►
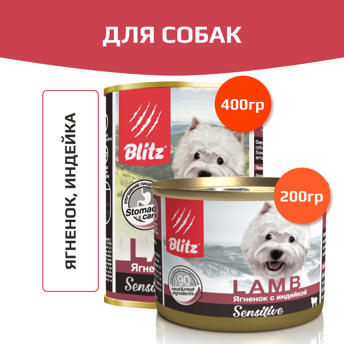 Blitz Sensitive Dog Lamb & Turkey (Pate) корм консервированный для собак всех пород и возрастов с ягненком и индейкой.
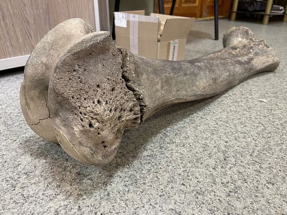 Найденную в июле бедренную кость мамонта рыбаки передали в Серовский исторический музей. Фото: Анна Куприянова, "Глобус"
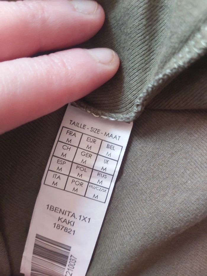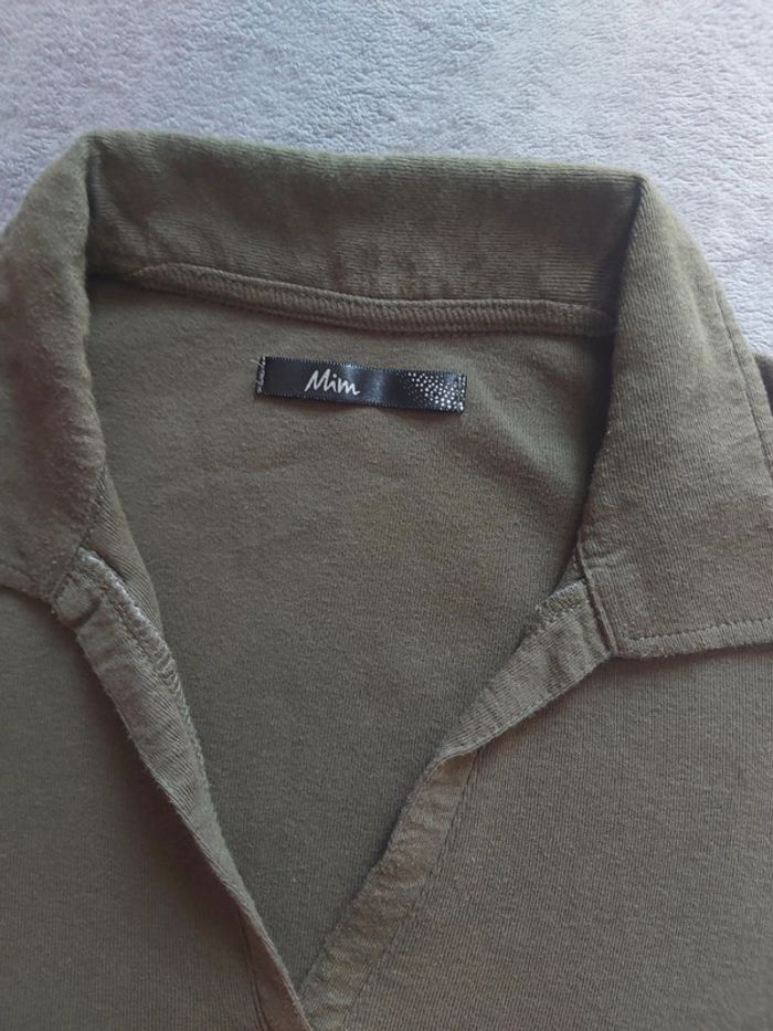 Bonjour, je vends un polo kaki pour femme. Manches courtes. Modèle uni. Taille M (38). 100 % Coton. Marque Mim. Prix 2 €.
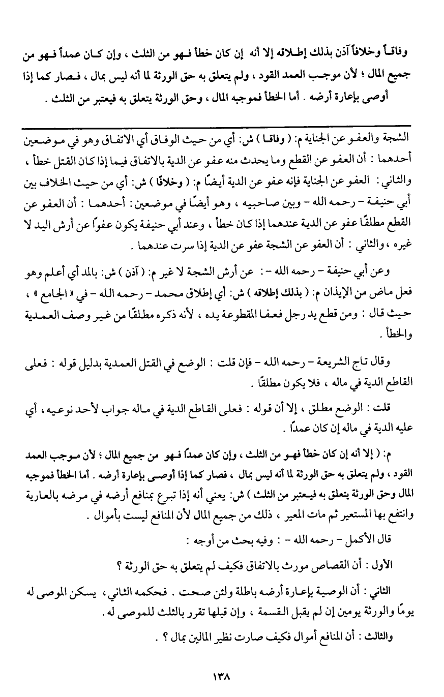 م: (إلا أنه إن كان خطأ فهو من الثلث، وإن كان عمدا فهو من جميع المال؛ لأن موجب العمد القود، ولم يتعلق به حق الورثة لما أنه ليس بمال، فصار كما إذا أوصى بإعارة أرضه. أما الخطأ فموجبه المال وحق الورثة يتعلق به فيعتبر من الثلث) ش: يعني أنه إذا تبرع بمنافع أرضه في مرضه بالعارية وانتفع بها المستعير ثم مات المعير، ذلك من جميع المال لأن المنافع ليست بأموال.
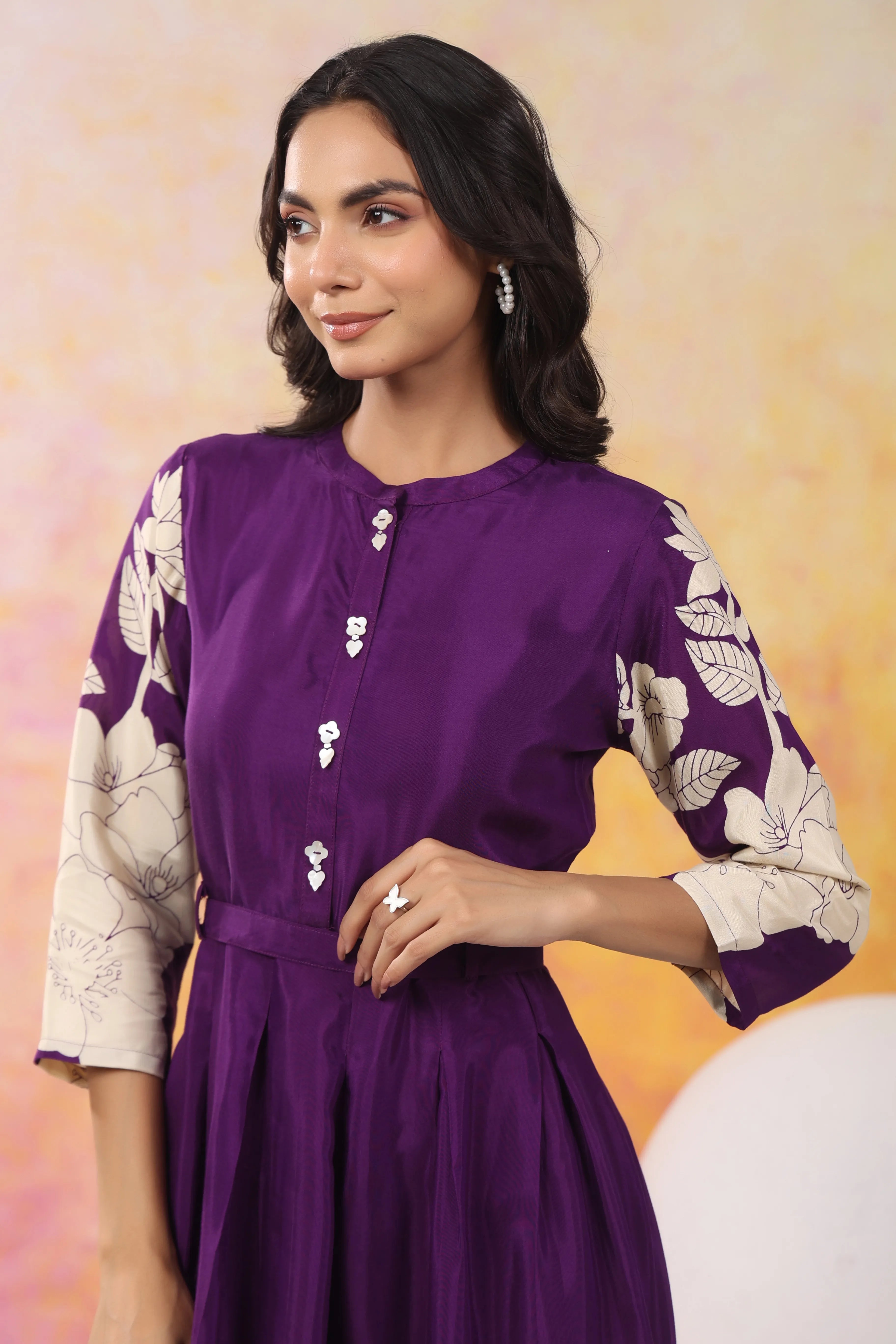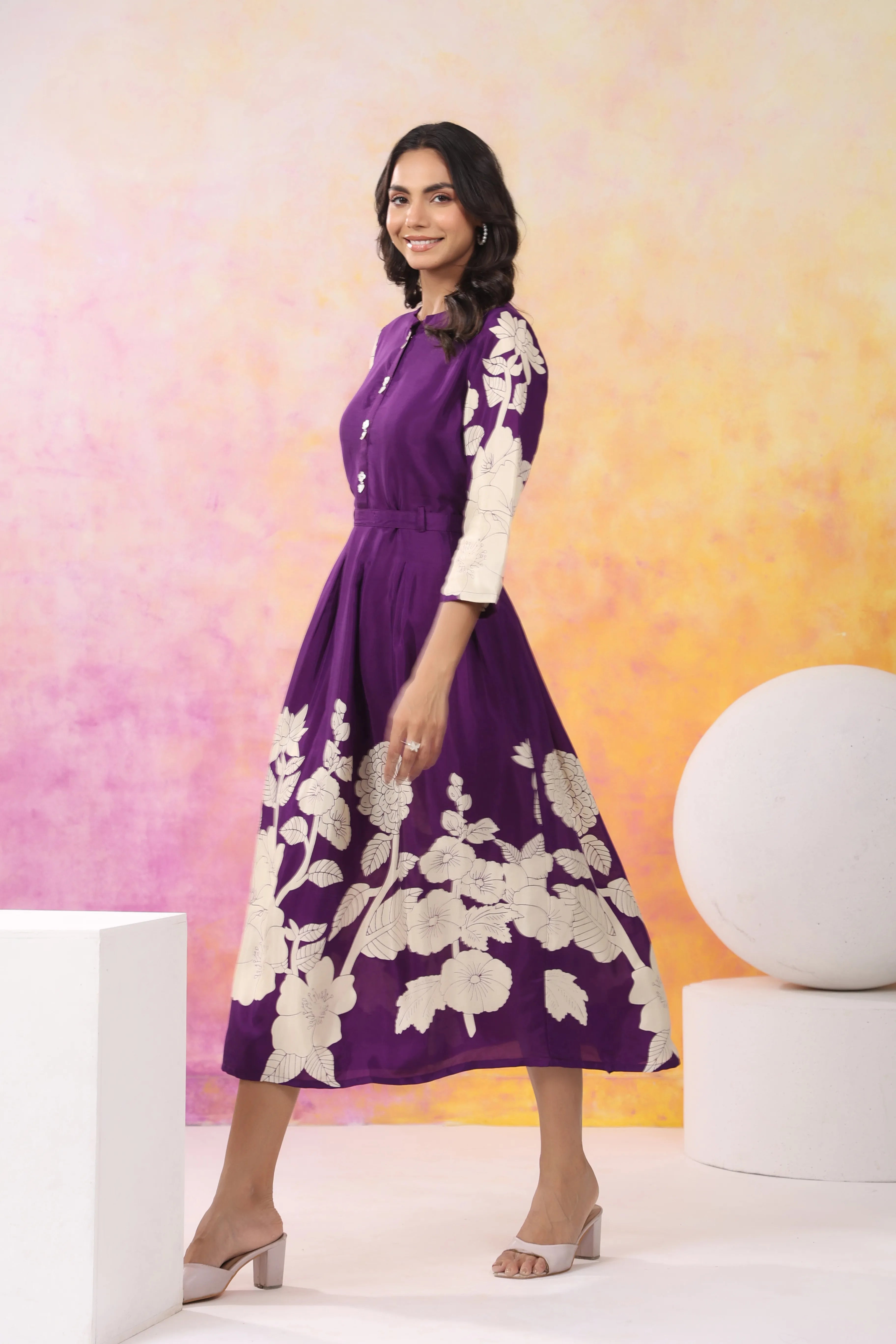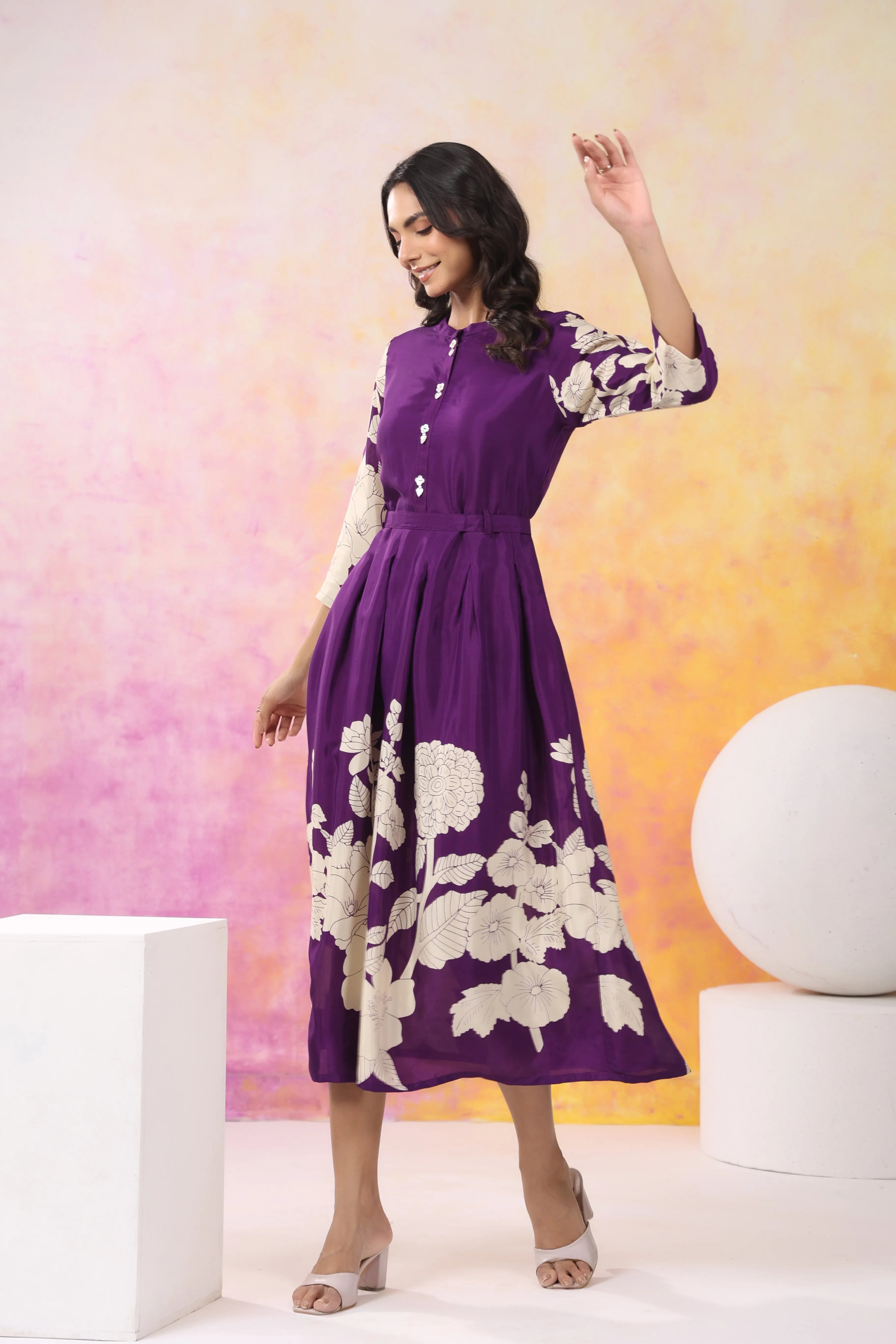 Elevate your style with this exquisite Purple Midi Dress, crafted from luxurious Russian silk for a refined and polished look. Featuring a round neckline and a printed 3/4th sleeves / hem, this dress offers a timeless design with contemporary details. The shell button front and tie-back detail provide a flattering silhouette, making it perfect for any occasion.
◄
Activity. What you give back must match the lines from the start of the records through the line that contains "Найденную в июле", exactly, with the pictures left out.

Written response.
 Blitz Sensitive Dog Lamb & Turkey (Pate) корм консервированный для собак всех пород и возрастов с ягненком и индейкой.
 Найденную в июле бедренную кость мамонта рыбаки передали в Серовский исторический музей. Фото: Анна Куприянова, "Глобус"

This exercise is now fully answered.